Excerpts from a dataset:
┌────────
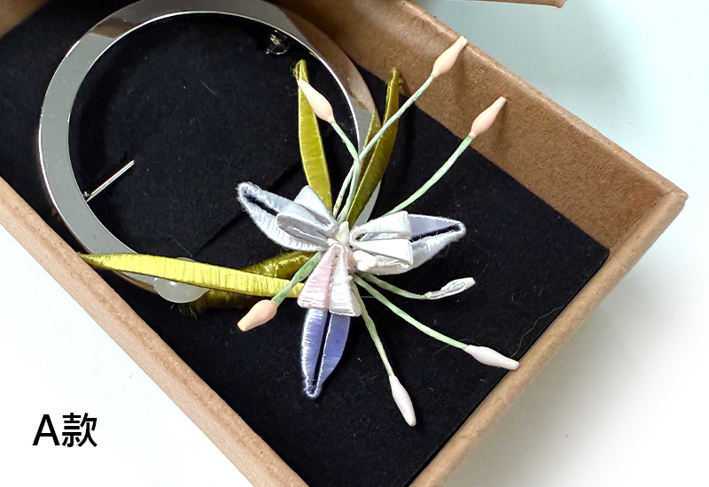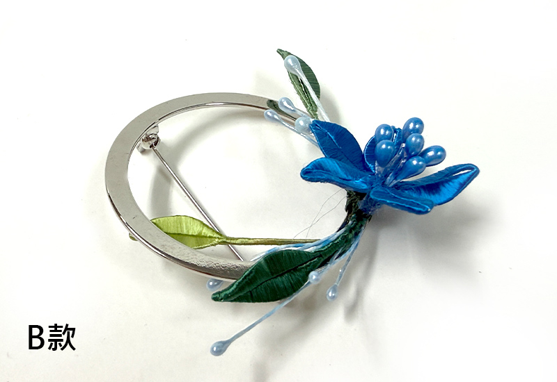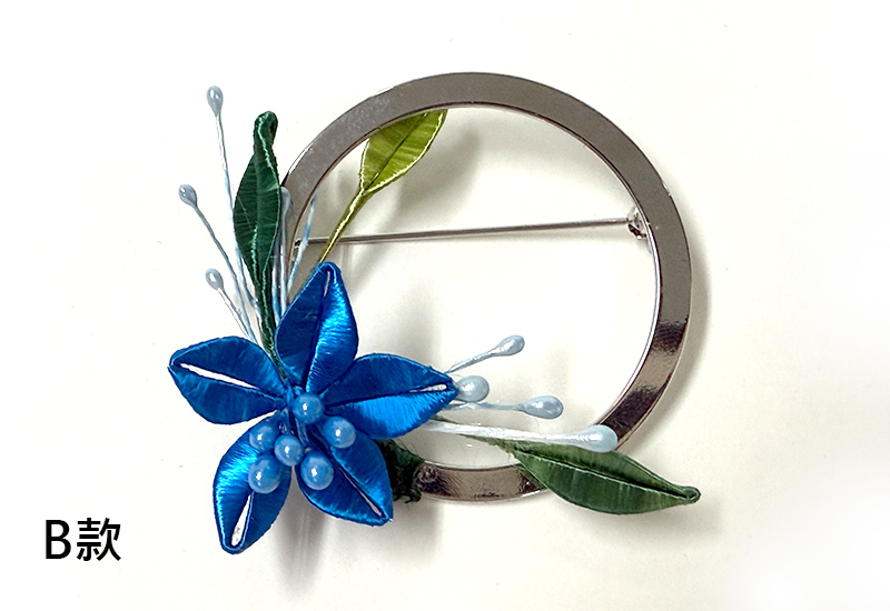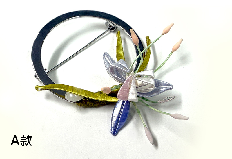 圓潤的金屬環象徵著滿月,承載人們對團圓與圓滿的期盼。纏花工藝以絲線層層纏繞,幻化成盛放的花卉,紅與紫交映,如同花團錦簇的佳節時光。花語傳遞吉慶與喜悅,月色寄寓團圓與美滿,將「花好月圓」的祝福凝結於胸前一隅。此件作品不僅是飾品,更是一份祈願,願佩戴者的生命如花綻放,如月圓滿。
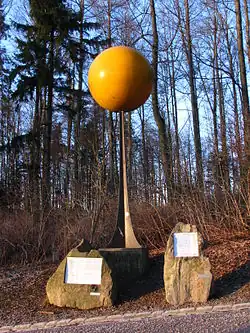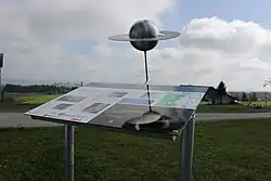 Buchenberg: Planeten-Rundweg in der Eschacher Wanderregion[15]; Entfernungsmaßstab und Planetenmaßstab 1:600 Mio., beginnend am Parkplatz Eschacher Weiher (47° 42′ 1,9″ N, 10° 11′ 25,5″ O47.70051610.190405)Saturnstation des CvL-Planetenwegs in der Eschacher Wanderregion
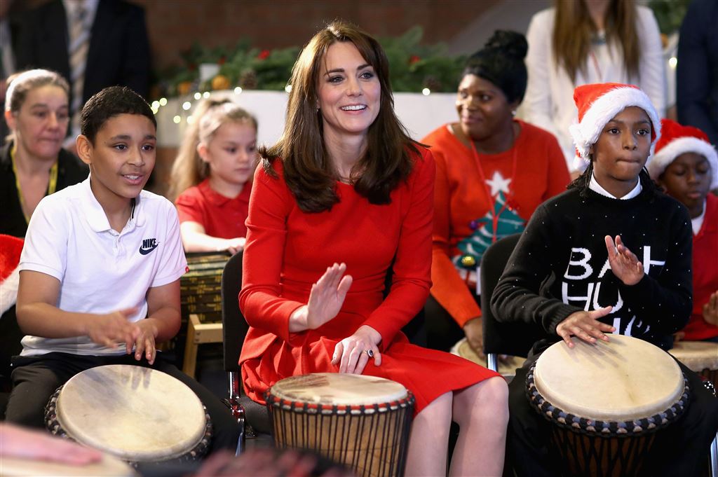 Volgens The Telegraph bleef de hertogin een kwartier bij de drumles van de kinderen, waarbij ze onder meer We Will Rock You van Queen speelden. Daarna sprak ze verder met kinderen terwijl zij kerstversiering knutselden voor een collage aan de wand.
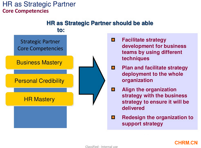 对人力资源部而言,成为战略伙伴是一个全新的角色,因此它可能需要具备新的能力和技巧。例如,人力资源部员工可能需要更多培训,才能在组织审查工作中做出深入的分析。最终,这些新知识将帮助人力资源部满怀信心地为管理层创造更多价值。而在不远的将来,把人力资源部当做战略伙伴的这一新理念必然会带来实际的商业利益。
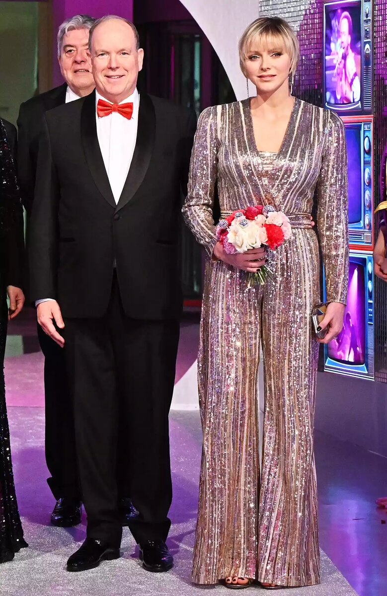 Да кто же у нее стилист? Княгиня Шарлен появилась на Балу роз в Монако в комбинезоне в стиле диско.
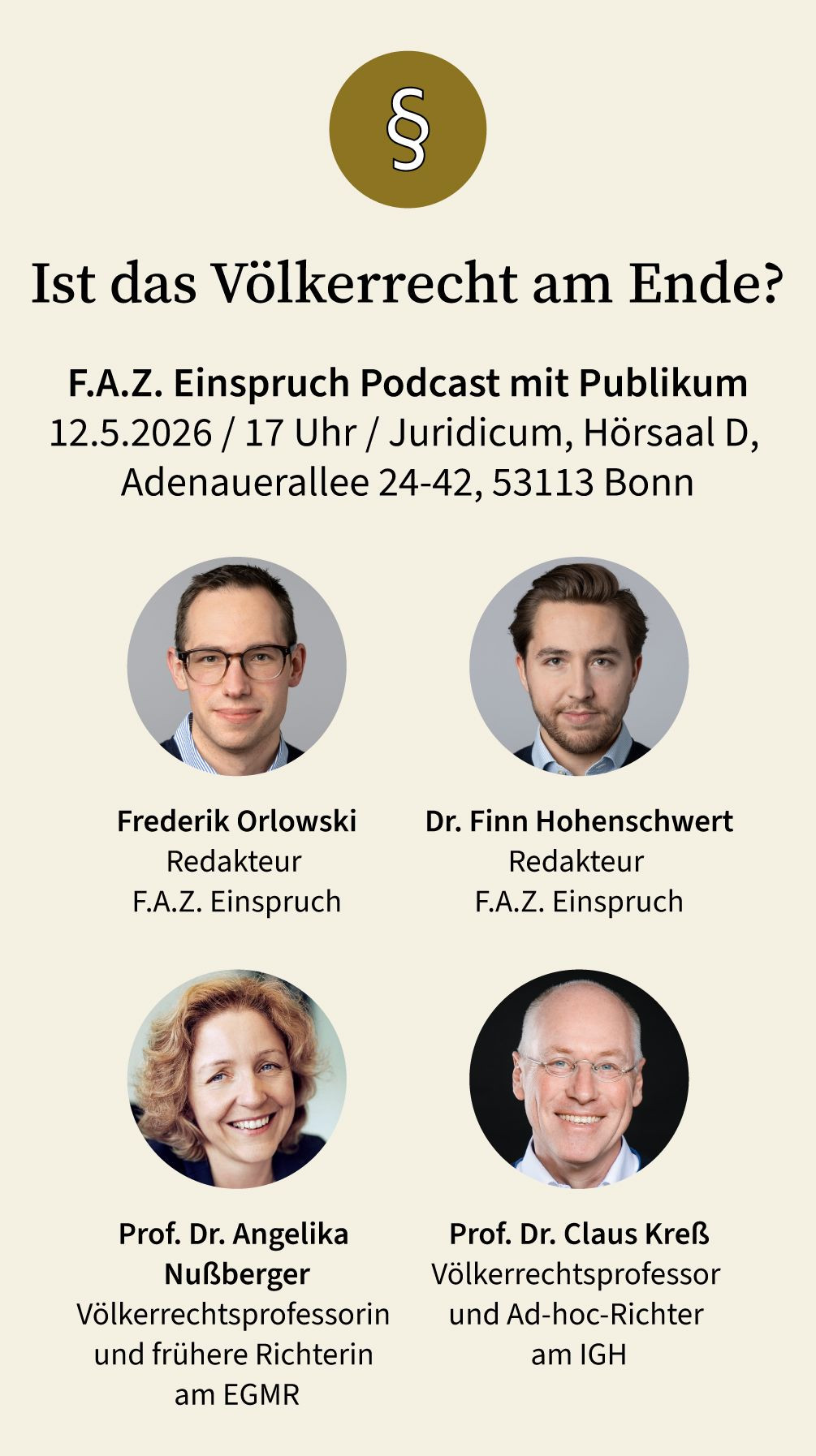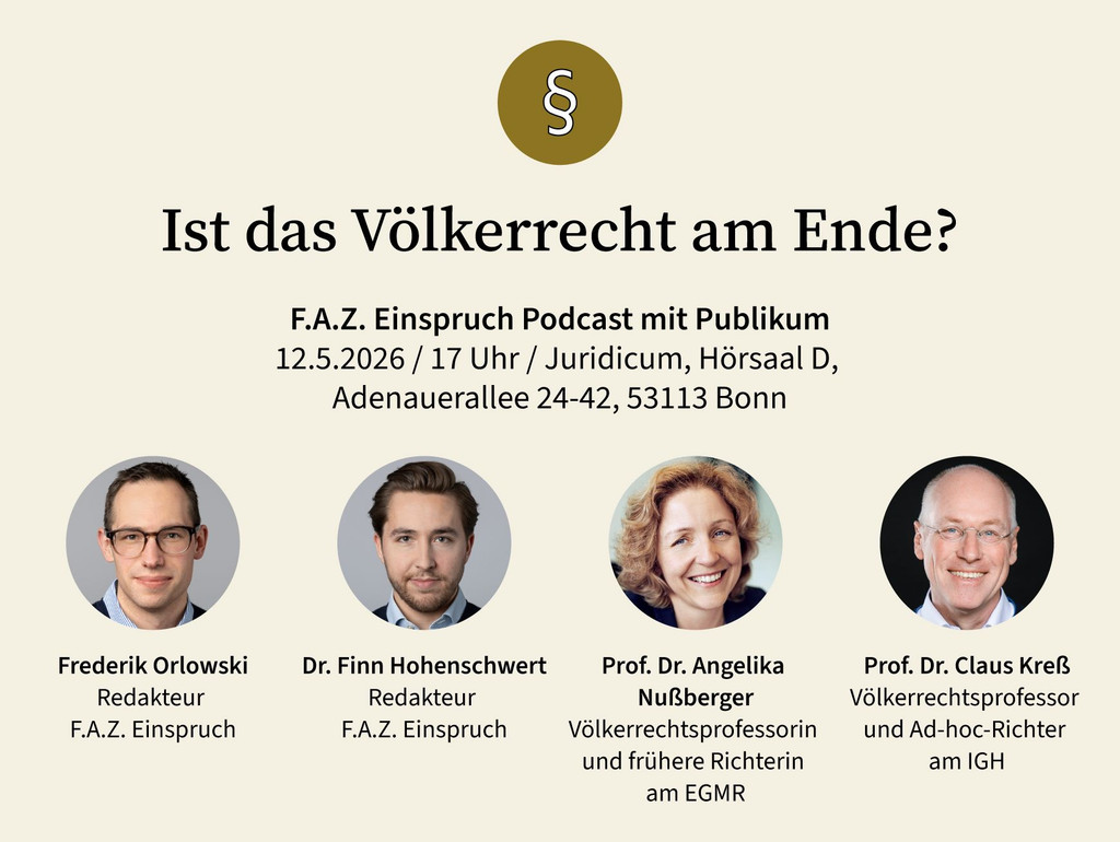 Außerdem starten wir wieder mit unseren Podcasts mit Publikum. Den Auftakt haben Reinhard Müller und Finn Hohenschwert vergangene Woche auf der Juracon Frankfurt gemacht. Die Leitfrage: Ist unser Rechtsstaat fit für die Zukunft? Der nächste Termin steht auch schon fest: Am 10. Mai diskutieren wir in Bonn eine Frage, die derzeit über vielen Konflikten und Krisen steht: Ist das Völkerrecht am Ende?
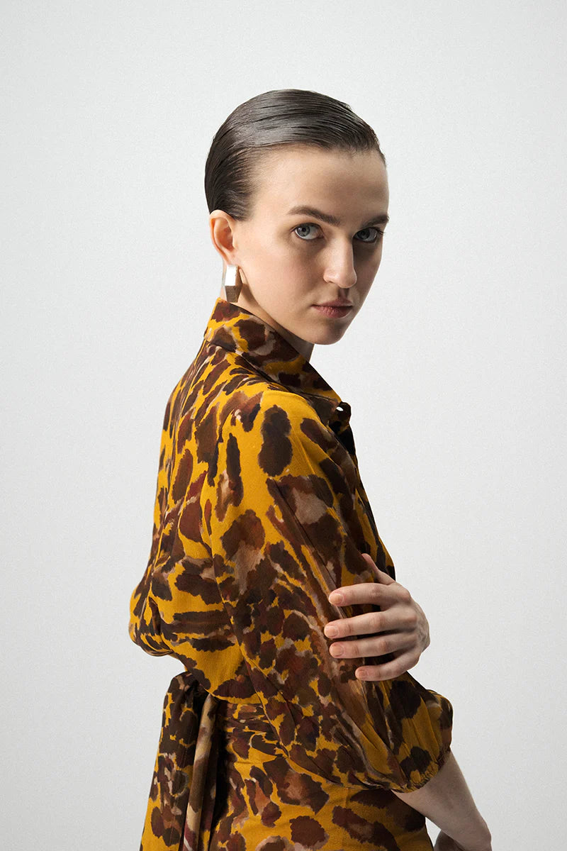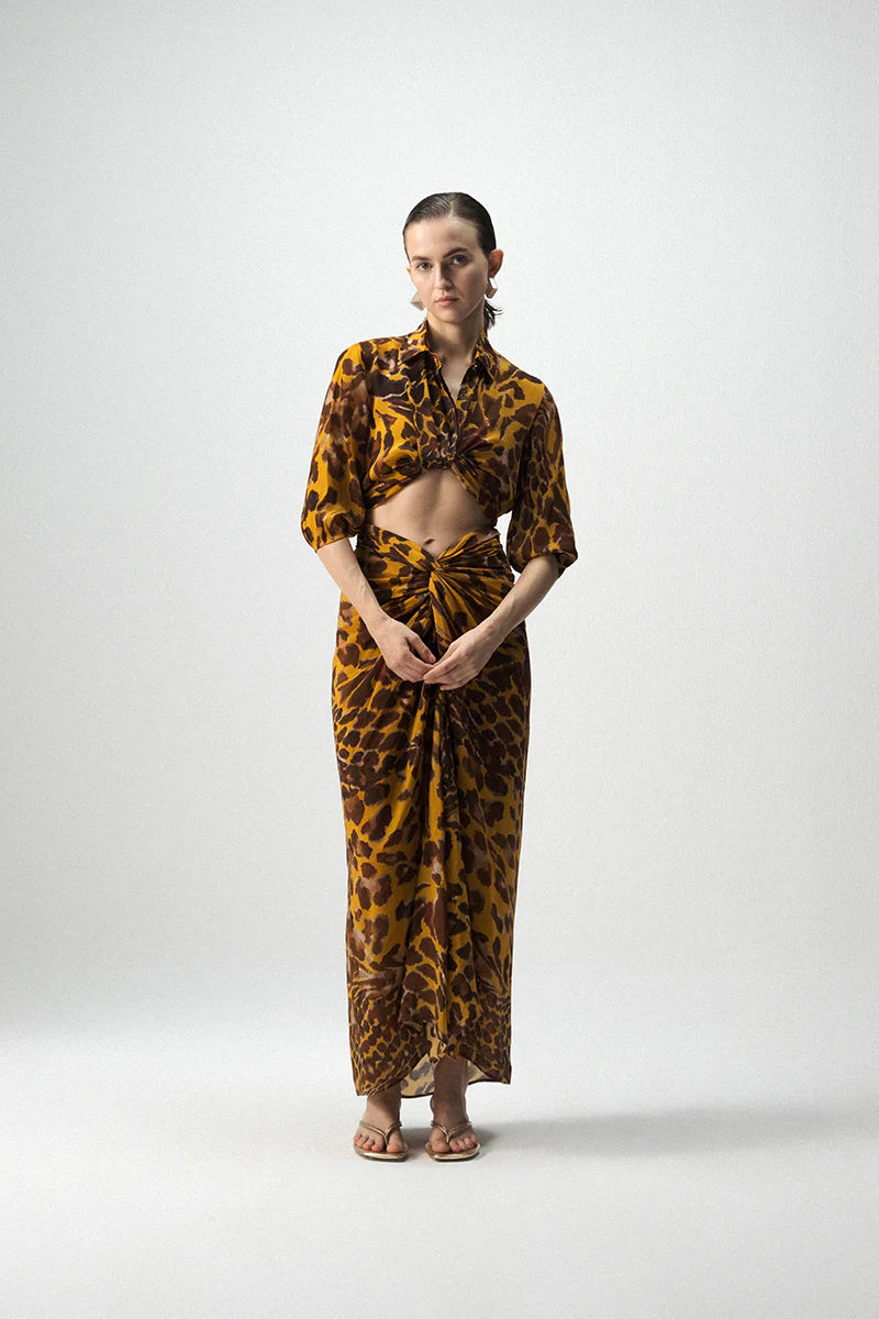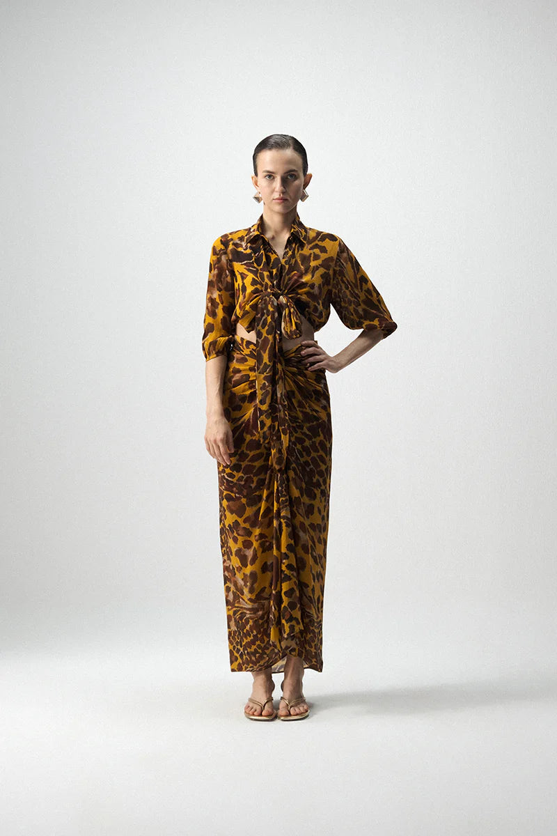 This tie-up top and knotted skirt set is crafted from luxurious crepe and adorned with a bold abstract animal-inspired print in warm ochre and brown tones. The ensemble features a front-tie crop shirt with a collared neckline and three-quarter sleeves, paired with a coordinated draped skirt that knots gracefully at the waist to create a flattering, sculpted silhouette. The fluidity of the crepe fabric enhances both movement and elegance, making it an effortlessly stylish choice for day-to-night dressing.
└────────
[Assignment] Could you repeat exactly the lines from the one containing "Да кто же у" through the last line of the records, both included, without the pictures?

[Exercise result]
 Да кто же у нее стилист? Княгиня Шарлен появилась на Балу роз в Монако в комбинезоне в стиле диско.
 Außerdem starten wir wieder mit unseren Podcasts mit Publikum. Den Auftakt haben Reinhard Müller und Finn Hohenschwert vergangene Woche auf der Juracon Frankfurt gemacht. Die Leitfrage: Ist unser Rechtsstaat fit für die Zukunft? Der nächste Termin steht auch schon fest: Am 10. Mai diskutieren wir in Bonn eine Frage, die derzeit über vielen Konflikten und Krisen steht: Ist das Völkerrecht am Ende?
 This tie-up top and knotted skirt set is crafted from luxurious crepe and adorned with a bold abstract animal-inspired print in warm ochre and brown tones. The ensemble features a front-tie crop shirt with a collared neckline and three-quarter sleeves, paired with a coordinated draped skirt that knots gracefully at the waist to create a flattering, sculpted silhouette. The fluidity of the crepe fabric enhances both movement and elegance, making it an effortlessly stylish choice for day-to-night dressing.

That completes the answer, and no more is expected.